Macromolecules, 33, 2000, pp. 8541-8548) discloses preparation of branch-block ethylene-butene polymer by reincorporation of vinyl terminated polyethylene, said branch-block polymer made by a combination of CP2ZrCL2 and (C5Me4SiMe2NC12H23)TiCl2 activated with methylalumoxane.
Moscardi et al. (Organometallics, 20, 2001, pp. 1918-1931) disclose the use of rac-dimethylsilylmethylenebis(3-t-butyl indenyl)zirconium dichloride with methylalumoxane in batch polymerizations of propylene to produce materials where “ . . . allyl end group always prevails over any other end groups, at any [propene].” In these reactions, morphology control was limited and approximately 60% of the chain ends are allylic.
Coates et al. (Macromolecules, 38, 2005, pp. 6259-6268) disclose preparation of low molecular weight syndiotactic polypropylene ([rm]=0.46-0.93) with about 100% allyl end groups using bis(phenoxyimine)titanium dichloride ((PHI)2TiCl2) activated with modified methyl alumoxane (MMAO; Al/Ti molar ratio=200) in batch polymerizations run between −20 and +20° C. for four hours. For these polymerizations, propylene was dissolved in toluene to create a 1.65 M toluene solution. Catalyst productivity was very low (0.95 to 1.14 g/mmol Ti/hr).
JP 2005-336092 A2 discloses the manufacture of vinyl-terminated propylene polymers using materials such as H2SO4 treated montmorillonite, triethylaluminum, triisopropyl aluminum, where the liquid propylene is fed into a catalyst slurry in toluene. This process produces substantially isotactic macromonomers that do not have a significant amount of amorphous material.
Rose et al. (Macromolecules, 41, 2008, pp. 559-567) disclose poly(ethylene-co-propylene) macromonomers not having significant amounts of iso-butyl chain ends. Those were made with bis(phenoxyimine) titanium dichloride ((PHI)2TiCl2) activated with modified methylalumoxane (MMAO; Al/Ti molar ratio range 150 to 292) in semi-batch polymerizations (30 psi propylene added to toluene at 0° C. for 30 min, followed by ethylene gas flow at 32 psi of over-pressure at about 0° C. for polymerization times of 2.3 to 4 hours to produce E-P copolymer having an Mn of about 4,800 to 23,300. In four reported copolymerizations, allylic chain ends decreased with increasing ethylene incorporation roughly according to the equation:% allylic chain ends (of total unsaturations)=−0.95(mol % ethylene incorporated)+100.

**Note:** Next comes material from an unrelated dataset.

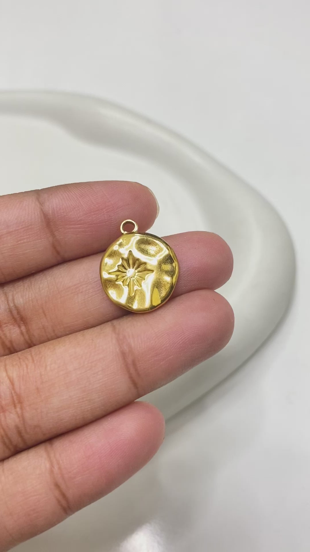 SS 1541 Round sparkle charm 18k gold plated stainless steel ( 1 pc ) - anti tarnish

For example, 65% allyl (compared to total unsaturation) was reported for E-P copolymer containing 29 mol % ethylene. This is the highest allyl population achieved. For 64 mol % incorporated ethylene, only 42% of the unsaturations are allylic. Productivity of these polymerizations ranged from 0.78×102 g/mmol Ti/hr to 4.62×102 g/mmol Ti/hr. Prior to this work, Zhu et al. reported only low (˜38%) vinyl terminated ethylene-propylene copolymer made with the constrained geometry metallocene catalyst [C5Me4(SiMe2N-tert-butyl)TiMe2 activated with B(C6F5)3 and MMAO (Macromolecules, 35, 2002, pp. 10062-10070 and Macromolecules Rap. Commun, 24, 2003, pp. 311-315).

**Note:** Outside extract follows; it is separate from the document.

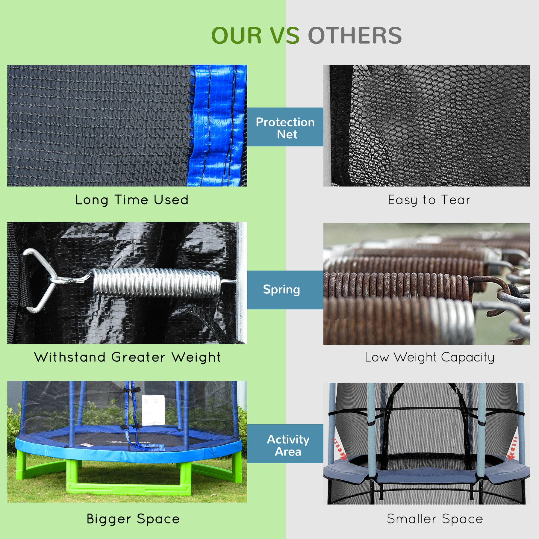 - • Trampoline height: 15.75"(from ground)

Janiak and Blank summarize a variety of work related to oligomerization of olefins (Macromol. Symp., 236, 2006, pp. 14-22).

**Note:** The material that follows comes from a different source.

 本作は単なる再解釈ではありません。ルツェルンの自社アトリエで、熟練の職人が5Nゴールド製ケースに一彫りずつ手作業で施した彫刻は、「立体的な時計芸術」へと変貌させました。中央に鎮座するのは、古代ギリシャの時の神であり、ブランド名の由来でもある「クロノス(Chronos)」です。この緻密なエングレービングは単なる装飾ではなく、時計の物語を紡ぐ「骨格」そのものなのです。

However, few catalysts have been shown to produce high allylic chain unsaturations in high yields, a wide range of molecular weight, and with high catalyst activity for propylene-based polymerizations, especially propylene-ethylene copolymerizations. Accordingly, there is need for new catalysts that produce vinyl terminated polymers in high yields, with a wide range of molecular weight, and with high catalyst activity. Further, there is a need for propylene based reactive materials having vinyl termination which can be functionalized and used in additive applications, or as macromonomers for the synthesis of poly(macromonomers).